* What you will do:
Every line of the material must be restated exactly, though not its pictures.
### Data section
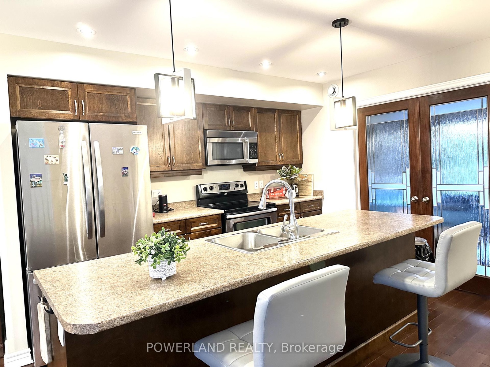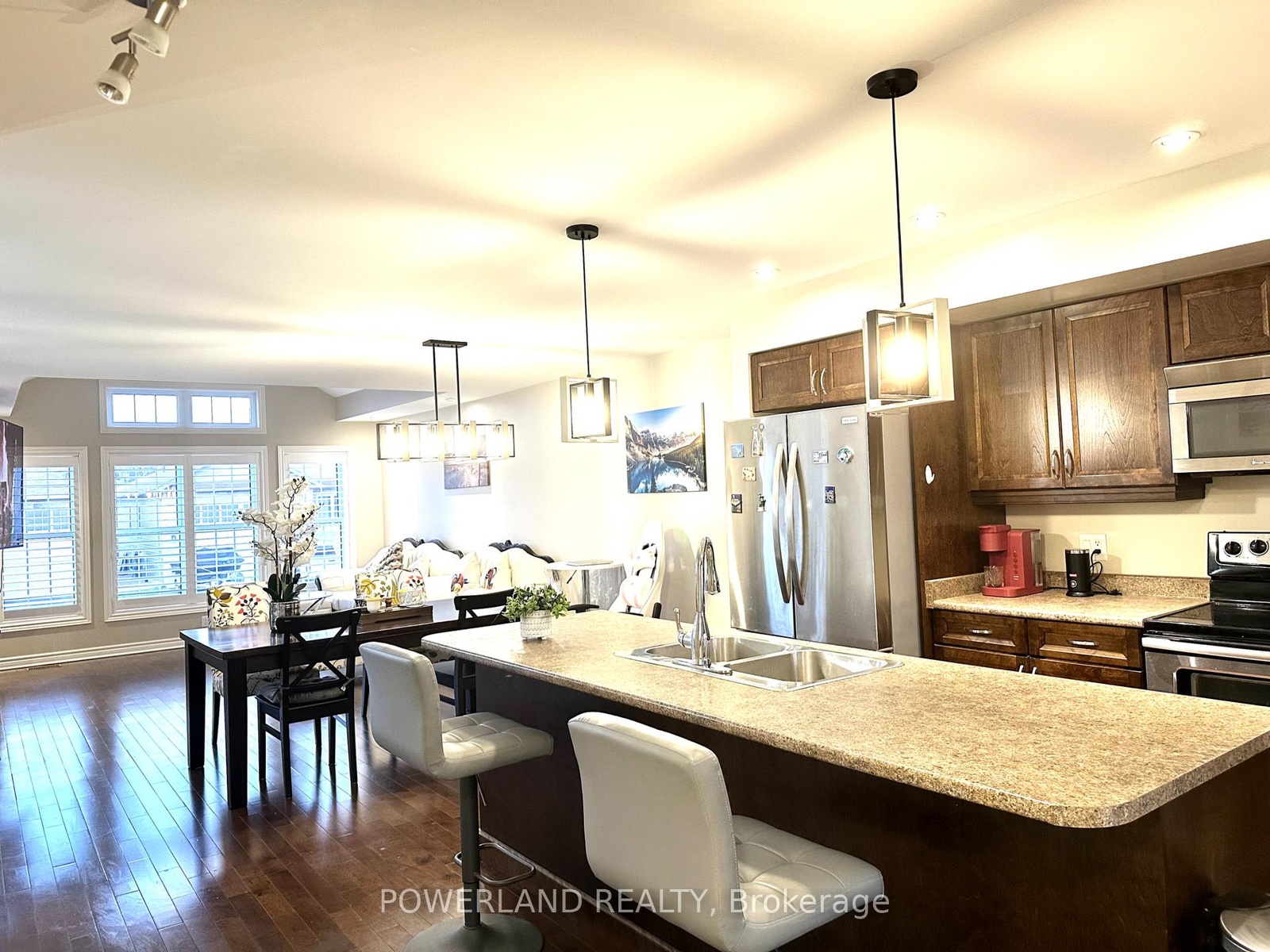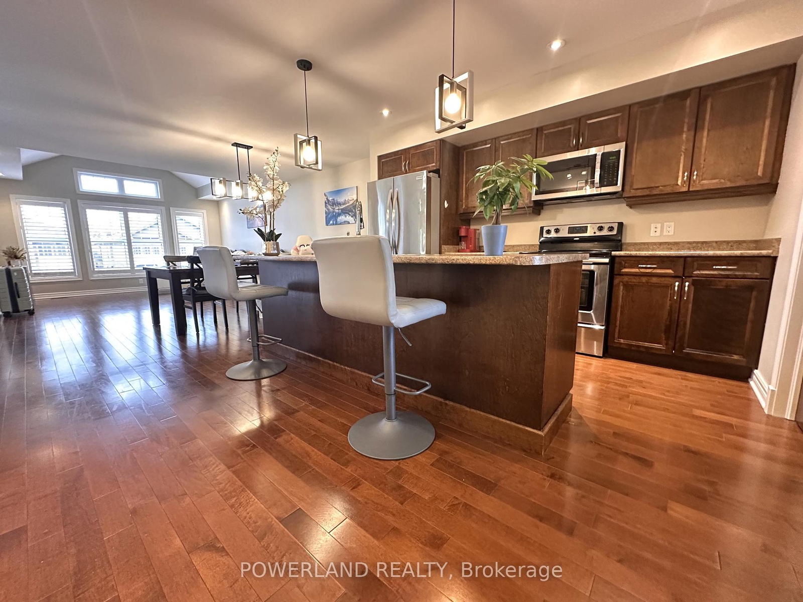 21 Brookland - Home built by Kenalex Builders. 1156 sq' Bungalow with 900 sf walk-out finished basement, Sitting on well landscaped big lot 46*108 Feet with walkout from rec room to fully fenced rear yard. Spacious entry with high ceiling leading to wood stairs to matching hardwood floors to living room with vaulted ceilings. Open concept kitchen with large center island all stainless appliances & large dining area. Master bedroom with window seat. 1-4pc bath and 2nd bedroom with walk-out glass sliding doors to covered deck. Lower level features 25x12 rec room, 2 other bedrooms & 1-3pc with corner shower. Laundry room with washer, dryer, central vac, air conditioning and forced air gas furnace. Owned hot water tank. Single garage with built in loft. Paved double drive way very spacious enough to park additional 4 cars.A prime location in a family oriented neighborhood, this well maintained home combines space, functionality, and style, making it an excellent choice for your next move(Avg Monthly Hydro $77.82 Avg Monthly Gas $131.58 Avg Monthly Water $101 According to the Last 12 Month Record).
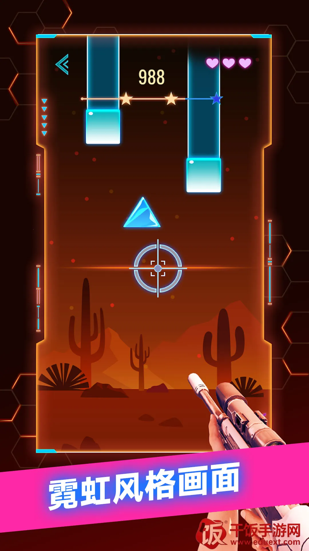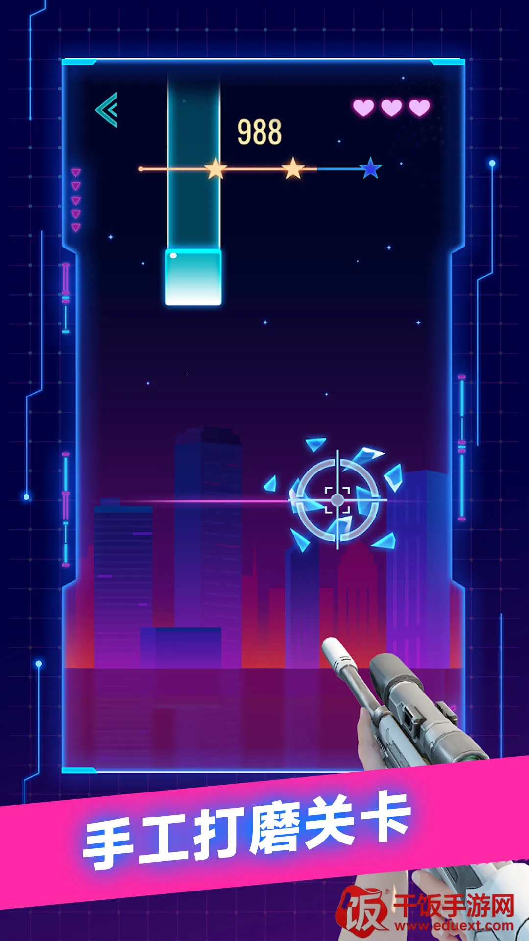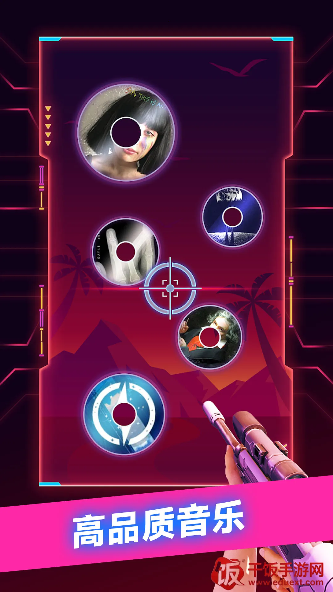它还设有全球实时排行榜,能与各地玩家竞技;采用未来科技风视觉设计,操作简单易上手,支持离线游玩。这不仅是反应与射击的试炼,更是在旋律中释放激情、享受节奏的独特旅程。
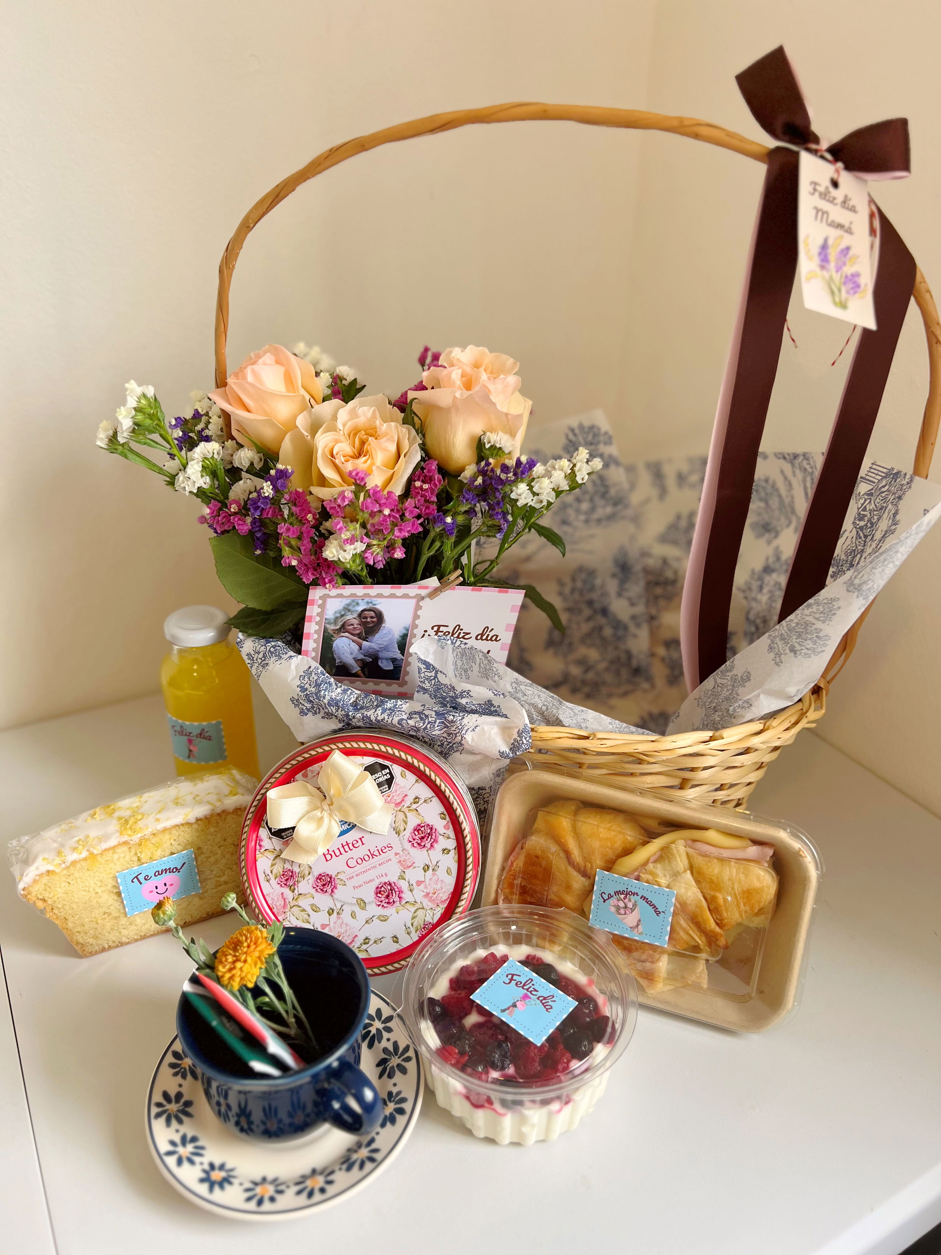 Un desayuno que celebra la calidez del hogar y la belleza de las flores. Presentado en una canasta rústica con flores frescas, combina sabores caseros y detalles delicados que transmiten amor en cada elemento. Perfecto para disfrutar en compañía🌸🥐☕
######
* Solution to this task:
 21 Brookland - Home built by Kenalex Builders. 1156 sq' Bungalow with 900 sf walk-out finished basement, Sitting on well landscaped big lot 46*108 Feet with walkout from rec room to fully fenced rear yard. Spacious entry with high ceiling leading to wood stairs to matching hardwood floors to living room with vaulted ceilings. Open concept kitchen with large center island all stainless appliances & large dining area. Master bedroom with window seat. 1-4pc bath and 2nd bedroom with walk-out glass sliding doors to covered deck. Lower level features 25x12 rec room, 2 other bedrooms & 1-3pc with corner shower. Laundry room with washer, dryer, central vac, air conditioning and forced air gas furnace. Owned hot water tank. Single garage with built in loft. Paved double drive way very spacious enough to park additional 4 cars.A prime location in a family oriented neighborhood, this well maintained home combines space, functionality, and style, making it an excellent choice for your next move(Avg Monthly Hydro $77.82 Avg Monthly Gas $131.58 Avg Monthly Water $101 According to the Last 12 Month Record).
它还设有全球实时排行榜,能与各地玩家竞技;采用未来科技风视觉设计,操作简单易上手,支持离线游玩。这不仅是反应与射击的试炼,更是在旋律中释放激情、享受节奏的独特旅程。
 Un desayuno que celebra la calidez del hogar y la belleza de las flores. Presentado en una canasta rústica con flores frescas, combina sabores caseros y detalles delicados que transmiten amor en cada elemento. Perfecto para disfrutar en compañía🌸🥐☕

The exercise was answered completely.